**RECORDED DATA**
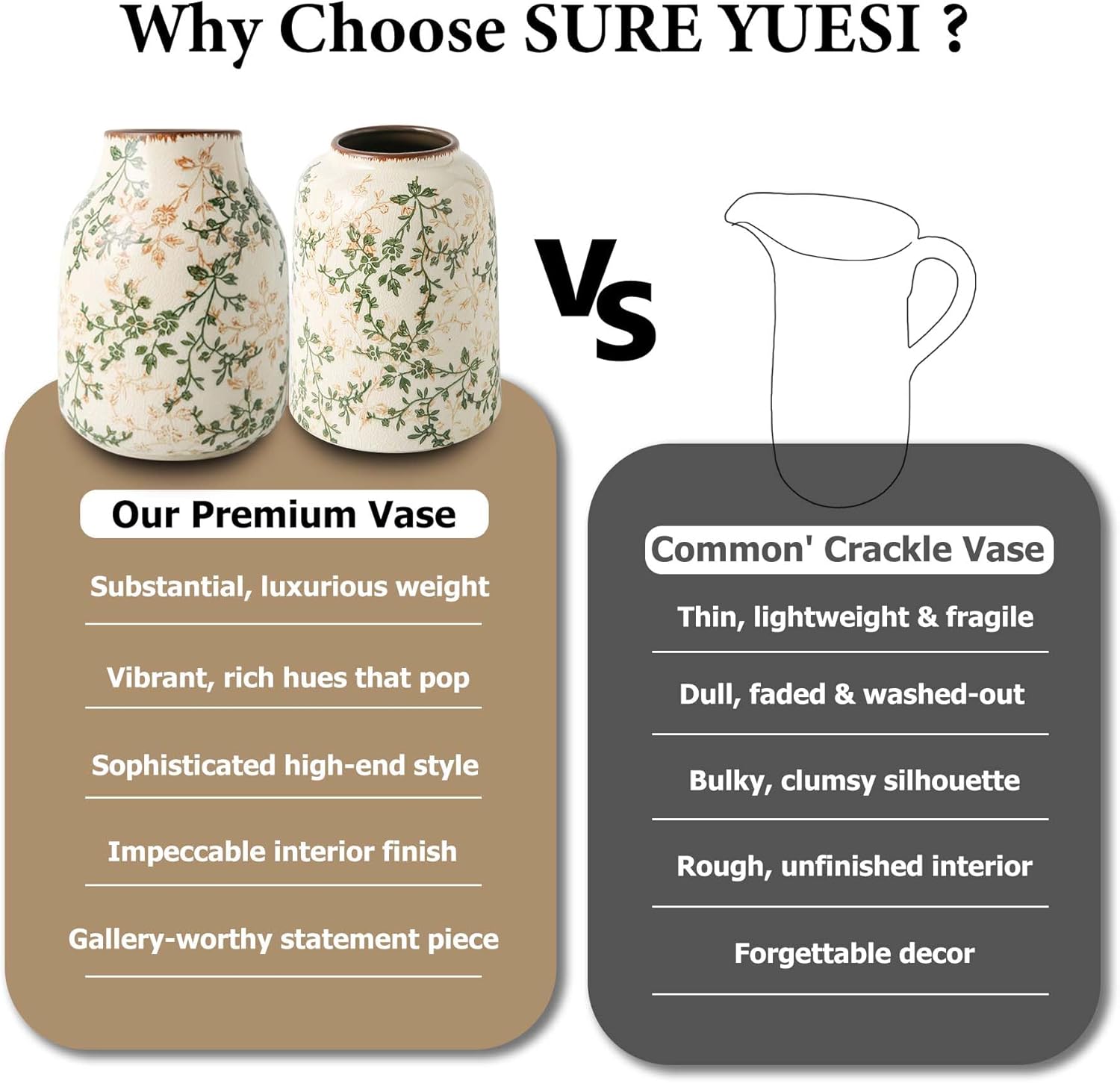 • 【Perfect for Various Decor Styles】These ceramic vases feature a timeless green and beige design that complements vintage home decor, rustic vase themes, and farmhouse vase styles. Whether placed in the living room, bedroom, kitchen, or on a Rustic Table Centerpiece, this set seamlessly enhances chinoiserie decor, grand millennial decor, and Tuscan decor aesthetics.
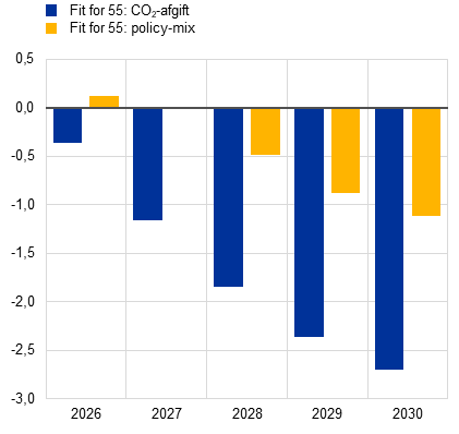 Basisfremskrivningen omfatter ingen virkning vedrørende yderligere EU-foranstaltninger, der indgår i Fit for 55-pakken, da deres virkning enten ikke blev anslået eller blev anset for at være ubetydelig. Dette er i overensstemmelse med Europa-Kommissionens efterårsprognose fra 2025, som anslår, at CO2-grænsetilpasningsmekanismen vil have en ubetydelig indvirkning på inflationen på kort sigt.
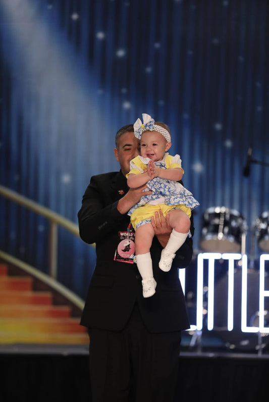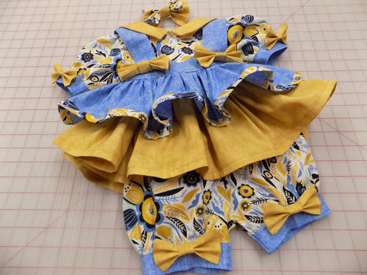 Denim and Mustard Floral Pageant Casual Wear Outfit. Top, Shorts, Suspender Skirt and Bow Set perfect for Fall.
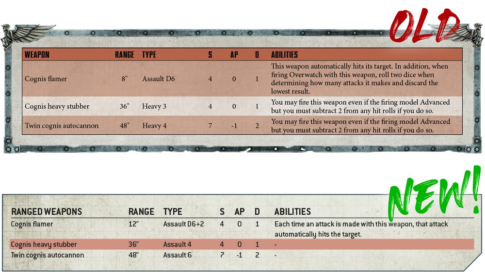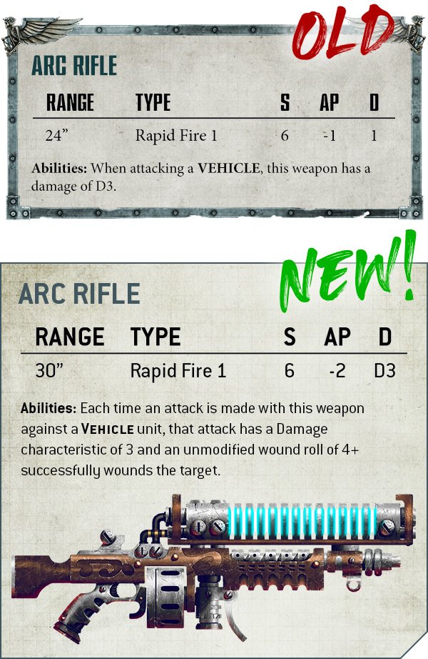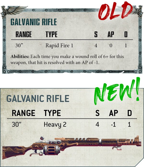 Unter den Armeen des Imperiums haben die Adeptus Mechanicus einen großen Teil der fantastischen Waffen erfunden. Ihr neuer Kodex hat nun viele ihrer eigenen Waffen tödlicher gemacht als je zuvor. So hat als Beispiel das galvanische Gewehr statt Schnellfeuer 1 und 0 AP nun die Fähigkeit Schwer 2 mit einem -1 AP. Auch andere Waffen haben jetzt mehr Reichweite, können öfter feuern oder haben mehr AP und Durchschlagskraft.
==
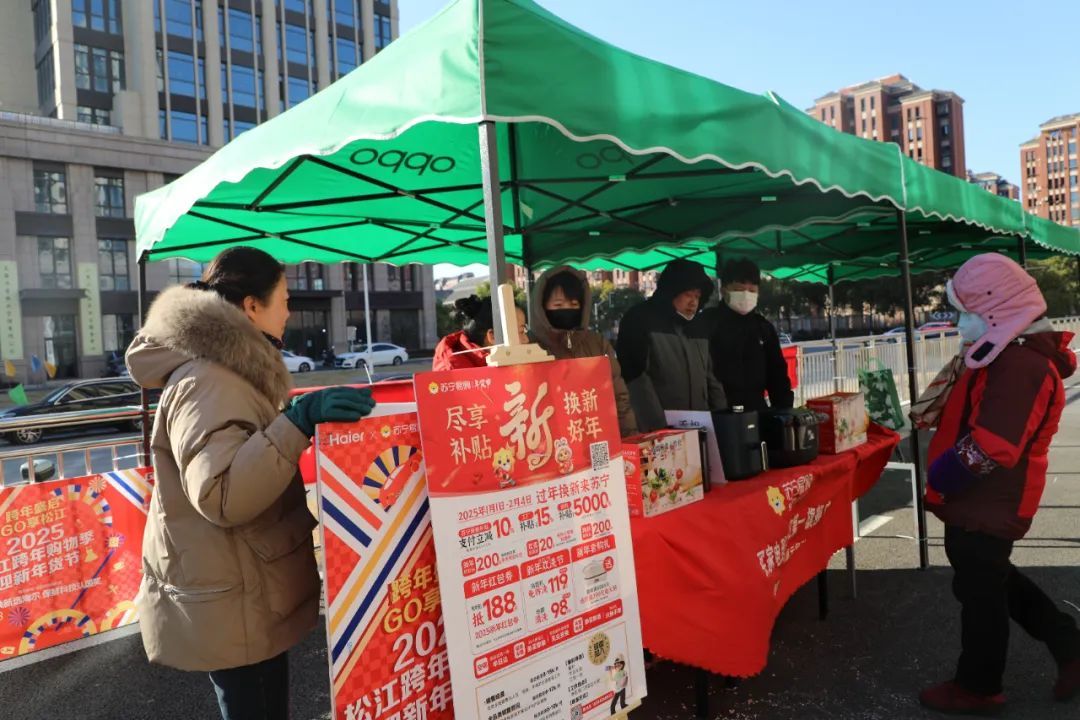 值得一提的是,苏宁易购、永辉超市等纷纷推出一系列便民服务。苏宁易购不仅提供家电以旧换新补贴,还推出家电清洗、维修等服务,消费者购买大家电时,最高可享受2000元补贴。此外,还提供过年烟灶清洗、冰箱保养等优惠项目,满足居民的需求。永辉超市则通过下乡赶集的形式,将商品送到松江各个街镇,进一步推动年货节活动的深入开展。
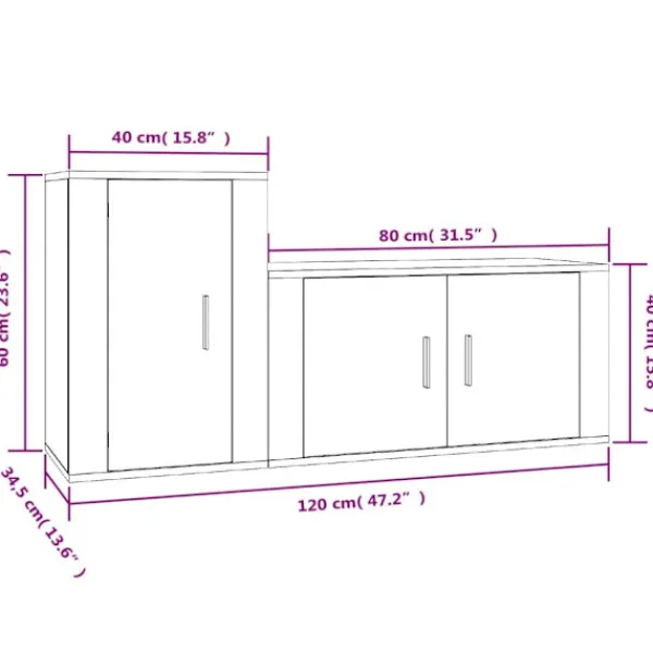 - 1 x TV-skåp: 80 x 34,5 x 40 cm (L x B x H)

**ASSIGNMENT**
Skipping the pictures, print the lines in the listing above exactly as written, starting at the line with "Denim and Mustard" and ending at the line with "Unter den Armeen", both included.

**RESPONSE TO THIS EXERCISE**
 Denim and Mustard Floral Pageant Casual Wear Outfit. Top, Shorts, Suspender Skirt and Bow Set perfect for Fall.
 Unter den Armeen des Imperiums haben die Adeptus Mechanicus einen großen Teil der fantastischen Waffen erfunden. Ihr neuer Kodex hat nun viele ihrer eigenen Waffen tödlicher gemacht als je zuvor. So hat als Beispiel das galvanische Gewehr statt Schnellfeuer 1 und 0 AP nun die Fähigkeit Schwer 2 mit einem -1 AP. Auch andere Waffen haben jetzt mehr Reichweite, können öfter feuern oder haben mehr AP und Durchschlagskraft.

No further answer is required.